Instructions were evaluate the integral.
(x/1-x^4) dx
I know that this form is the tanh inverse 1/1-x^2 but not sure how to substitute and start this problem. Please Help.
To evaluate the integral ∫(x/(1-x^4)) dx, one possible approach is to use the method of partial fractions.

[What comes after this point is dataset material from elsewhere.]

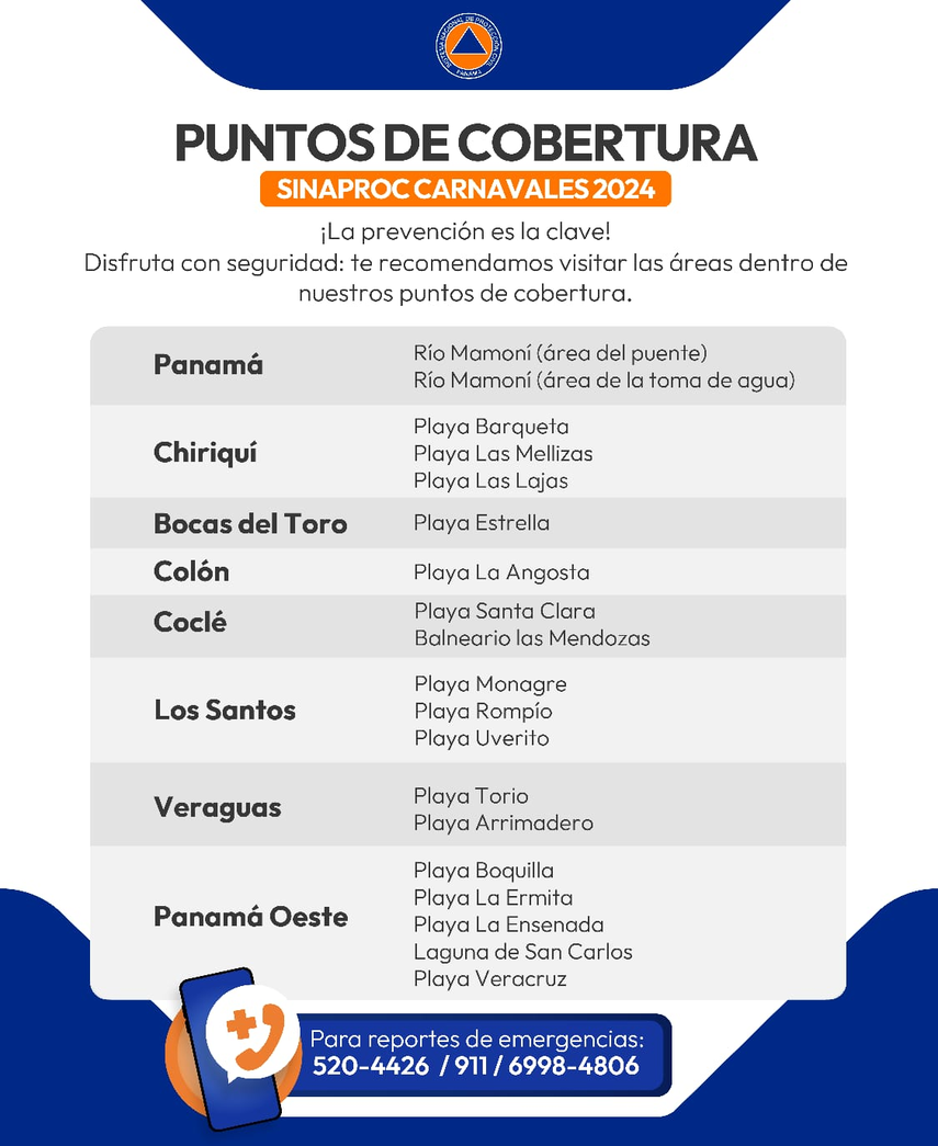 El Sistema Nacional de Protección Civil (SINAPROC) comparte con la ciudadanía los puntos de cobertura durante las fiestas del Carnaval 2024.

Let's start by factoring the denominator:
1 - x^4 = (1 - x^2)(1 + x^2)
Now, we can express the fraction as a sum of partial fractions:
x/(1 - x^4) = A/(1 - x^2) + B/(1 + x^2)
To find the values of A and B, we need to solve for them. Let's create a common denominator:
x = A(1 + x^2) + B(1 - x^2)
Expanding and combining like terms:
x = A + Ax^2 + B - Bx^2
We can equate the coefficients of x^2 and the constant term on both sides:
Coefficient of x^2: 0 = A - B
Constant term: x = A + B
From the first equation, we can solve for A: A = B
Substituting into the second equation: x = A + A
2A = x
A = x/2
Since A = B, we have B = x/2 as well.
Now, we can rewrite the integral as:
∫(x/(1 - x^4)) dx = ∫(x/((1 - x^2)(1 + x^2))) dx
= ∫(x/(1 - x^2)) dx + ∫(x/(1 + x^2)) dx
At this point, we can use a trigonometric substitution to simplify each integral. Let's substitute u = x^2 for the first integral (x/(1 - x^2)):
du/dx = 2x
dx = du/(2x)
Substituting back into the first integral, we get:
∫(x/(1 - x^2)) dx = ∫(1/(1 - u)) (du/(2x))
= (1/2) ∫(1/(1 - u)) (du/u)
= (1/2) ln|1 - u| + C
= (1/2) ln|1 - x^2| + C1
For the second integral (x/(1 + x^2)), let another substitution be v = 1 + x^2:
dv/dx = 2x
dx = dv/(2x)
Substituting back into the second integral, we get:
∫(x/(1 + x^2)) dx = ∫(1/v) (dv/(2x))
= (1/2) ∫1/v dv
= (1/2) ln|v| + C
= (1/2) ln|1 + x^2| + C2
Now, combining the two results, we have:
∫(x/(1 - x^4)) dx = (1/2) ln|1 - x^2| + (1/2) ln|1 + x^2| + C
= (1/2) ln|1 - x^2| + ln|√(1 - x^2)| + C
Therefore, the integral evaluates to:
∫(x/(1 - x^4)) dx = (1/2) ln|1 - x^2| + ln|√(1 - x^2)| + C
Note: The natural logarithm (ln) denotes the natural logarithm with base e. The constants C, C1, and C2 represent arbitrary constants of integration.